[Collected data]
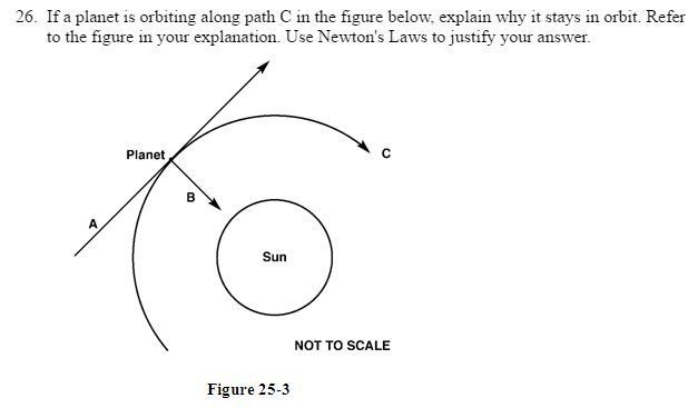 When one body(sun) exerts a force on a second body(planet), the second body simultaneously exerts a force equal in magnitude and opposite in direction of the first body. Which makes the planet orbit in path C.
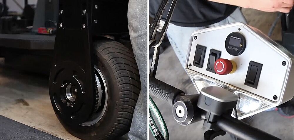 The Motivator is our solution to moving large camera cranes by allowing one person to position and maneuver the Super Technocrane 50 on the film set without taxing the grip department. The unit is modular and fits on any 30’ or 50’ Super Technocrane. The Motivator can be mounted and dismounted in minutes. A control console mounts to the existing steering bar, allowing the operator to power the unit, control speed and direction and as well set the parking brake.
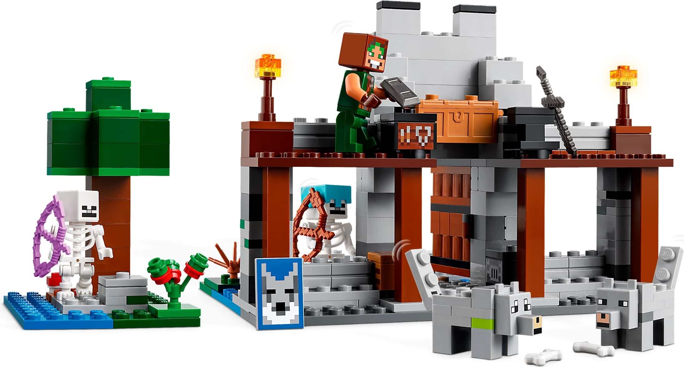 Gear up with supplies like a Netherite ingot, sweet berries, and bones to tame a wild wolf, then defend the stronghold from two skeleton enemies armed with enchanted weapons. With a detailed forest build and fan-favourite characters, this set brings the pixelated world of Minecraft to life in creative new ways.
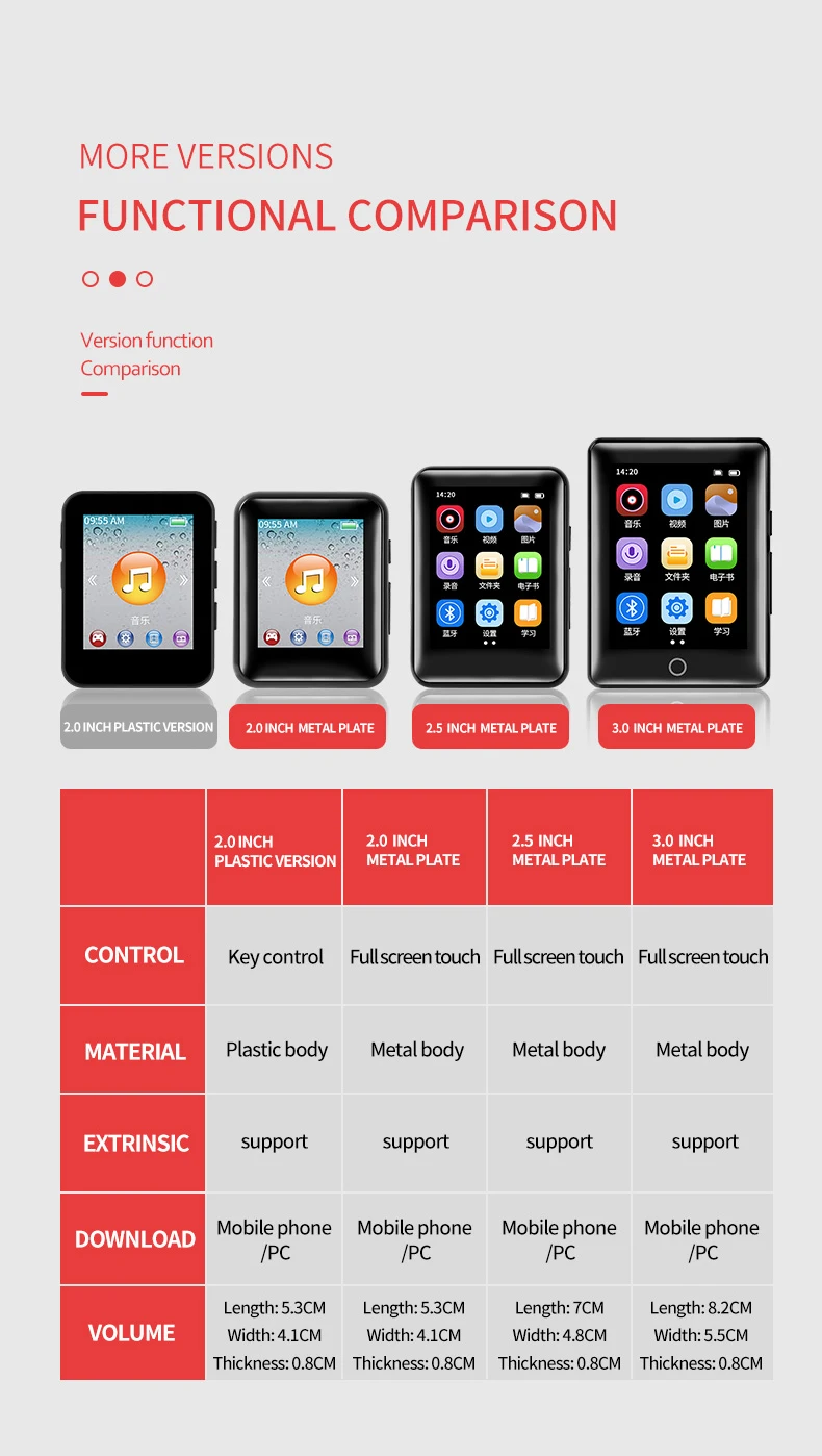 Mp3-плеер 3,0 дюйма, Bluetooth 5,0
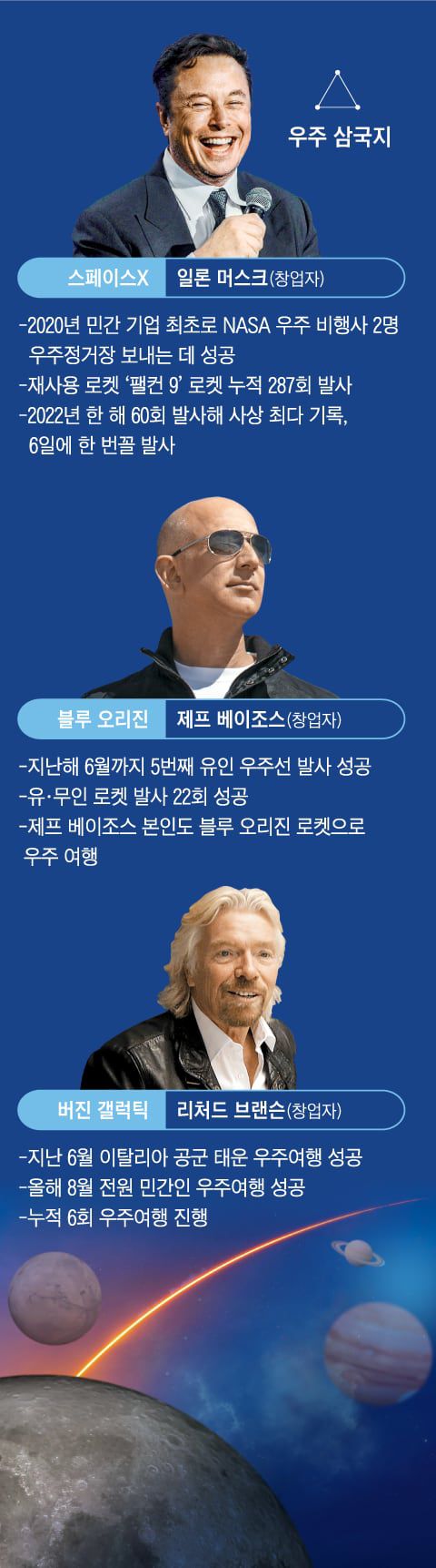 민간이 주도해서 우주를 개발하는 ‘뉴 스페이스’ 시대가 스페이스X, 블루 오리진, 버진 갤럭틱 3강(强)의 치열한 경쟁 끝에 스페이스X의 압승으로 기울고 있다. 일론 머스크 테슬라 최고경영자(CEO), 제프 베이조스 아마존 창업자 및 리처드 브랜슨 버진그룹 회장 등 세 사람의 억만장자가 2000년대 초·중반 뛰어든 우주 사업이 기술력과 전략 차이로 20여 년 만에 성과가 뚜렷하게 갈리고 있는 것이다. 적수가 없어진 머스크 스페이스X CEO의 막강한 ‘우주 권력’에 대한 우려의 목소리도 커지고 있다.
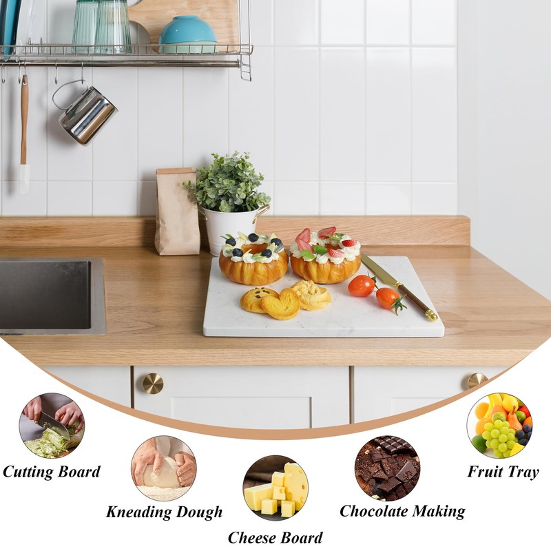 - Versatility-Marble Slab with 5 non-slip silicone feet and 5 lb weight provides a stable use. Ideal choice for charcuterie board, pastry borad, cheese board, bed tray and guest server tray, etc.
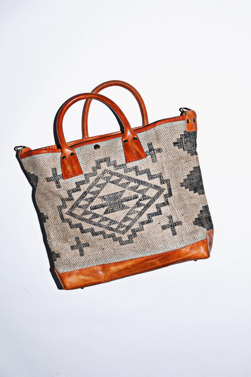 素材に麻を使用したこちらは、織り方にも工夫がなされ、頑丈なつくりが特徴。また、オーガニックな素材感と相性抜群なナバホ柄のラバープリントが施され、よりネイティブな雰囲気に仕上がっている。ハンドルや底には、限界までしみこませたあとに絞り加工を行った、風合いのあるオイルドレザーを使用。隅から隅までこだわりが見られる。ベーシックなスタイリングにも、アメカジコーデにも合わせられる汎用性の高さは、ハイクオリティな素材が生む風合いのよさのおかげだろう。

:: Activity ::
Reproduce the records above exactly, leaving out every picture they contain.

:: Task result ::
 When one body(sun) exerts a force on a second body(planet), the second body simultaneously exerts a force equal in magnitude and opposite in direction of the first body. Which makes the planet orbit in path C.
 The Motivator is our solution to moving large camera cranes by allowing one person to position and maneuver the Super Technocrane 50 on the film set without taxing the grip department. The unit is modular and fits on any 30’ or 50’ Super Technocrane. The Motivator can be mounted and dismounted in minutes. A control console mounts to the existing steering bar, allowing the operator to power the unit, control speed and direction and as well set the parking brake.
 Gear up with supplies like a Netherite ingot, sweet berries, and bones to tame a wild wolf, then defend the stronghold from two skeleton enemies armed with enchanted weapons. With a detailed forest build and fan-favourite characters, this set brings the pixelated world of Minecraft to life in creative new ways.
 Mp3-плеер 3,0 дюйма, Bluetooth 5,0
 민간이 주도해서 우주를 개발하는 ‘뉴 스페이스’ 시대가 스페이스X, 블루 오리진, 버진 갤럭틱 3강(强)의 치열한 경쟁 끝에 스페이스X의 압승으로 기울고 있다. 일론 머스크 테슬라 최고경영자(CEO), 제프 베이조스 아마존 창업자 및 리처드 브랜슨 버진그룹 회장 등 세 사람의 억만장자가 2000년대 초·중반 뛰어든 우주 사업이 기술력과 전략 차이로 20여 년 만에 성과가 뚜렷하게 갈리고 있는 것이다. 적수가 없어진 머스크 스페이스X CEO의 막강한 ‘우주 권력’에 대한 우려의 목소리도 커지고 있다.
 - Versatility-Marble Slab with 5 non-slip silicone feet and 5 lb weight provides a stable use. Ideal choice for charcuterie board, pastry borad, cheese board, bed tray and guest server tray, etc.
 素材に麻を使用したこちらは、織り方にも工夫がなされ、頑丈なつくりが特徴。また、オーガニックな素材感と相性抜群なナバホ柄のラバープリントが施され、よりネイティブな雰囲気に仕上がっている。ハンドルや底には、限界までしみこませたあとに絞り加工を行った、風合いのあるオイルドレザーを使用。隅から隅までこだわりが見られる。ベーシックなスタイリングにも、アメカジコーデにも合わせられる汎用性の高さは、ハイクオリティな素材が生む風合いのよさのおかげだろう。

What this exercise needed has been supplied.